I also remember the time when you were commissioned (?) to write the review of Suede’s second album. Like, the most anticipated UK indie album of the year (or whatever)! I remember skipping straight to the album review section and bursting out laughing. “Surely,” I thought, “it’s a joke?” I mean, you guys must’ve been rolling on the floor at the time. And back then I’d have given… I dunno, a couple of beers away just to see the look on Simon Price’s face!

Then you cruelly disregarded a Stereolab single (for, uhm, ‘sexual’ reasons) which is still most dear to me. It was ‘John Cage Bubblegum’ – an encore staple of their gigs and just about the ‘hardest’ track they’ve ever done, yet you ignored it because you were admittedly after something long and hard being rammed down your throat. I was especially furious with you when I heard the actual track. I remember thinking “ET done goofed, boy! And he done did it because he felt like sucking some virtual cock!”

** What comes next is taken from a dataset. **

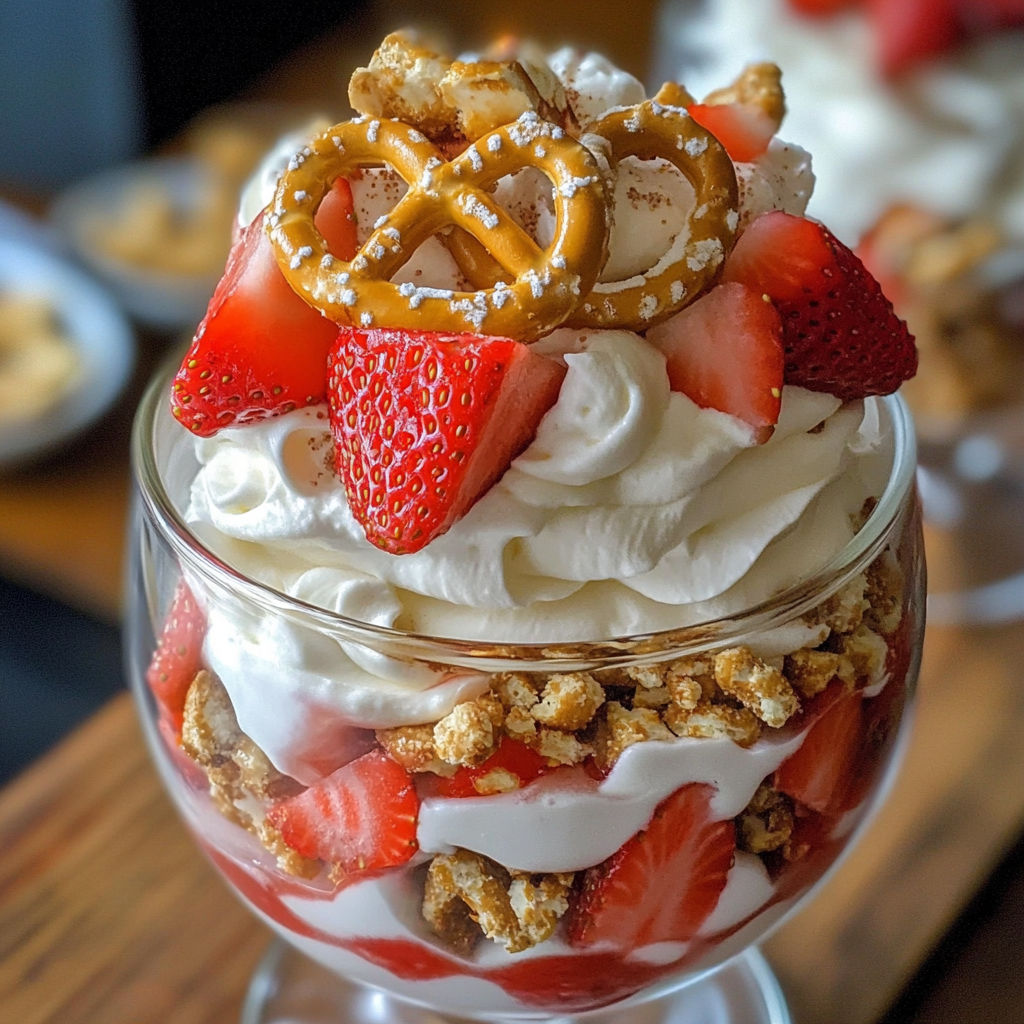 Strawberry Pretzel Salad Parfaits are a delightful dessert made with layers of whipped cream, fresh strawberries, and crunchy pretzels, offering a creamy and crunchy contrast.

And then there was this Pavement review where you said something akin to “What would Malkmus know anyway? He’s only their singer!” I found it perfectly shocking – insulting even – because I suspected (and rightly so) that he wrote the majority of the material. Of course, it also hurt my feelings because I was ‘the’ songwriter in my band.

Still, ‘I Remember You’, ET, and I can’t say that about most everyone else who wrote for the MM or the NME in the early-to-mid 90s. For instance, a couple years ago I translated this Jay-Z biography by Mark Beaumont (no one else would touch it and I needed the ‘feria’) and I knew the name rang a bell but I couldn’t, for the life of me, recall a single review the guy had written. Well, Simon Price I remember. But then, most everyone would.

Anyway, don’t fret over this ‘humbling’ experience I shared with you. Embrace it! You Listened To Your Heart, commented on what it whispered into your ear, someone else luckily responded – job done and infectiously well to boot. I mean, you changed my life, man, and you did it when it mattered.

Short version: I love you, ET, and it’s a genuine privilege to be translating your (fantastic) book.